3.2 Dynamic Delay Evaluation

The evaluation of Dynamic Delay emulation performance requires several levels of verification. Firstly, we tested only Gaussian Distribution. Therefore, when measurements are carried out, results must be evaluated in terms of average value, standard deviation and correspondence between the imposed probability density function (pdf) and obtained empirical pdf. In this subsection, we show results that are relative to all cited parameters.

In order to be concise, we present results in form of tables. In detail, for each influence factor (processor, memory, system), two tables report results obtained in two packet rate conditions: low traffic (200 pkt/s) and high traffic (5000 pkt/s). Since results in terms of mean and standard deviation values are very similar, we do not report all tables for sake of brevity. In particular, RAM and OS effects are reported only.

Reported tables prove how standard deviation values are often lower than the expected ones, except one case: Table 2, in 1 ms line, where all configurations (Desktop, Server) exhibits a higher value. This phenomenon can be referred to the limited capability of the emulator to reproduce distribution. Still, hardware resources are not responsible for these synthetic data, since they are all comparable.

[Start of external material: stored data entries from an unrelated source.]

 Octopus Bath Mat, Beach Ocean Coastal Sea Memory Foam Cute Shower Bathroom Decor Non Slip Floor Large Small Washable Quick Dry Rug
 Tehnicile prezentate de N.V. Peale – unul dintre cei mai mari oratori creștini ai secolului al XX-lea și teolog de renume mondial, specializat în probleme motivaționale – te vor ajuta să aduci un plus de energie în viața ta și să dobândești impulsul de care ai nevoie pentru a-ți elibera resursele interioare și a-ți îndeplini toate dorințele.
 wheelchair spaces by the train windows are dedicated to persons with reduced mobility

Table 1. Packet Rate 200 pkts - Dynamic Delay - RAM effect
Table 2. Packet Rate 200 pkts - Dynamic Delay - OS effect
Fig. 9.
figure 9

Comparison of probability distributions: 500 MB RAM – 1 core CPU – Ubuntu Desktop OS (Color figure online)

Fig. 10.
figure 10

Comparison of probability distributions: 2 GB RAM – 2 core CPU – Ubuntu Desktop OS (Color figure online)

Furthermore, in order to show adherence between observed and expected probability distributions, Figs. 9 and 10 are reported. Each figure is characterized by three information graphics:

  • a red line: the ideal probability density function, as imposed in Net–Em settings;

  • a yellow line: the derived probability density function, applying Gaussian analytic law to obtained mean and standard deviation;

  • a normalized histogram: real data distribution.

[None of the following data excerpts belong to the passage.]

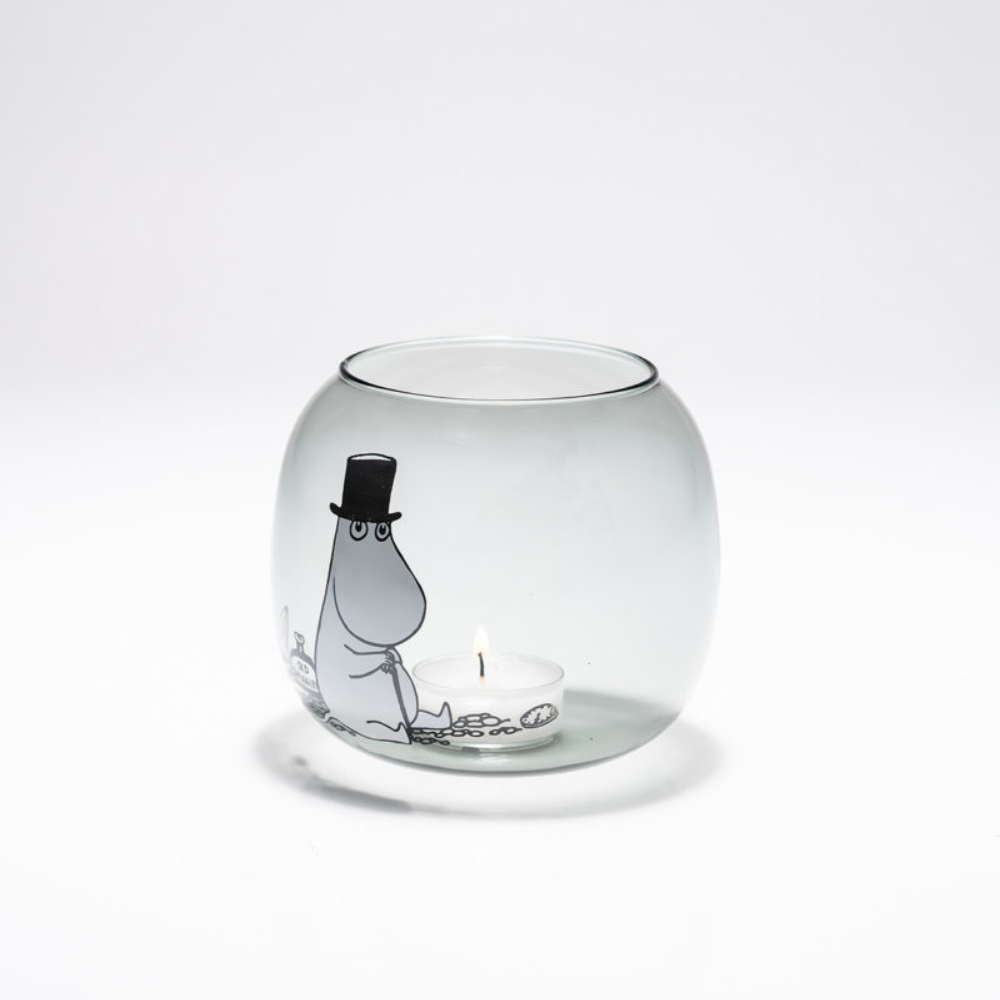 This grey Moominpappa-themed candle lantern is a great addition to any home decor. It's a beautiful tribute to the proud head of the Moomin Valley family, who is always ready for adventures and good advice. This versatile lantern is made from durable borosilicate glass and its uses are almost limitless: it works as a candle holder, a small flower or serving bowl, or for storing small items. The product is designed in Finland and is easy to care for, requiring only hand washing.
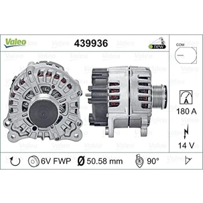 VALEO 439936 Alternator Charge current: 180 Amp Grooves: 6 grooves Pulley diameter: 51 mm Voltage: 14 V Rotation direction: CLOCKWISE
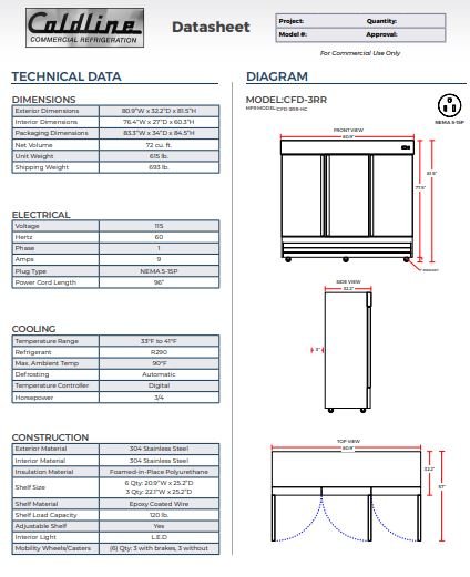 Item: Coldline C-3RR 81-inch Triple Solid Door Reach-In Refrigerator

What really makes the difference when comparing results obtained with different hardware resources are the actual probability density functions (briefly reported as distribution in the text, with some ambiguity). Indeed, when 500 MB RAM and 1 core are used, the obtained empirical distribution is quite far from being Gaussian, as the histogram bins do not appear to follow the yellow distribution line. When resources increase (see Fig. 10), experimental distribution approaches the expected one.

In both cases, the red line, i.e. the ideal distribution, is not well achieved by the data. This can be a problem related to the emulator itself, since it is not dependent on the adopted hardware resources.

4 Discussion

In this paper, an analysis of the impact of variable hardware resources on the performance of a common adopted network emulator is reported. As stated in the introduction, we did not mean to evaluate the emulator capabilities but their stability when different resources are available. We can affirm two main results: in static delay case, a sensitive impact can be observed in case of very low imposed delay (in our case, 0 ms) and with high imposed packet rates. When delay constraints are relaxed (5 ms or 20 ms), hardware resources become less important; in dynamic case, the emulator is capable to pretty adhere to synthetic values of a probability distribution, but hardware limitations appear as preeminent when the probability density function is analyzed. These results make the emulation possible also on low power machines, if some strict constraints can be relaxed and required high performance devices when precise and very low delays are desired. Further analyses will take care of other quantities, such as packet loss emulation, in variable resources scenarios.